Neuropediatrics 2011; 42 - P017
DOI: 10.1055/s-0031-1273989

Rapidly progressive phenotype of Lafora disease associated with a novel NHLRC1 mutation

F Brackmann 1, A Kiefer 1, A Agaimy 2, M Gencik 3, H Gabriel 3, R Trollmann 1
  • 1Universität Erlangen, Kinder- und Jugendklinik, Erlangen, Germany
  • 2Universität Erlangen, Institut für Pathologie, Erlangen, Germany
  • 3diagenos, Osnabrück, Germany

Lafora disease (LD) is a fatal, autosomal recessive form of progressive myoclonus epilepsy that characteristically presents with myoclonic and tonic-clonic seizures and cognitive impairment beginning in the second decade of life.

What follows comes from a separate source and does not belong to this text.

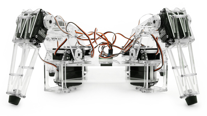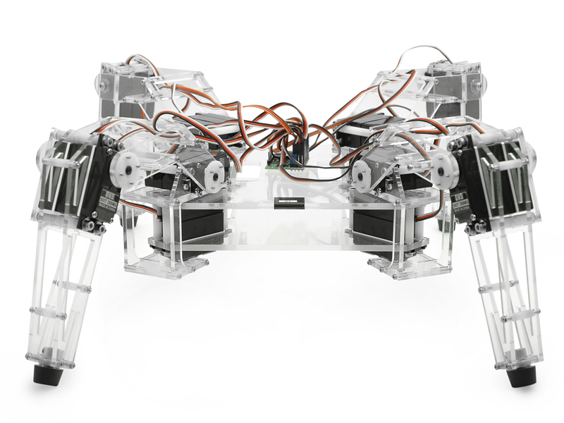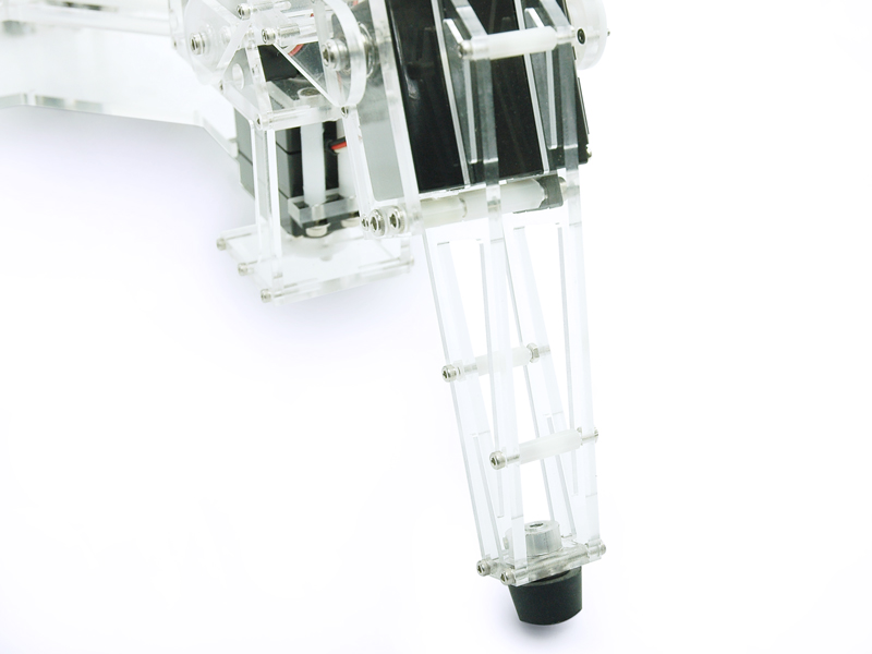 このロボットの目的として「4足歩行ロボットの動作や機構について学べる」なので、なるべくロボットに使用している素材に、透明なアクリル材を使用しました。

Diagnosis is based on clinical findings, presence of intracellular polyglucosan inclusion bodies (Lafora bodies) in neuronal and other tissues, and genetic analysis. In genetically confirmed cases of LD, disease-causing mutations have been identified in the EPM2A gene (epilepsy of progressive myoclonus type 2 gene A) encoding a protein phosphatase named laforin, and in a second gene, NHLRC1 (NHL repeat containing 1, also known as EPM2B), encoding the putative E3 ubiquitin ligase malin. NHLRC1 mutations have been shown to be associated with slower disease progression compared to EPM2A mutations with loss of independent living activities mostly not before the second half of the third life decade. In contrast to the majority of genetically identified NHLRC1 phenotypes we found a very rapid progression of therapy-refractory epilepsy and dementia less than two years after symptom onset in the course in association with a novel homozygous NHLRC1 mutation (c.349_350insC;p.His117ProfsX39). This frameshift mutation affects Histidine-117 with a change to Proline that creates a new reading frame ending in a stop at position 39.

The 15-year-old boy was admitted with generalized tonic-clonic seizures and developed myoclonic seizures of the face and upper extremities and a deterioration of cognitive performance. The rapid progressive course of the epileptic encephalopathy together with EEG findings led to the clinical diagnosis of LD confirmed by histological examination with lafora bodies in an axillary skin biopsy.

Based on our observation we speculate that NHLRC1 mutations might result in different phenotypes and might not generally be associated with benign clinical course. Pathophysiologically, involvement of malin in other neurotoxic pathways than functional impairment of laforin might be assumed as an interesting hypothesis of further studies.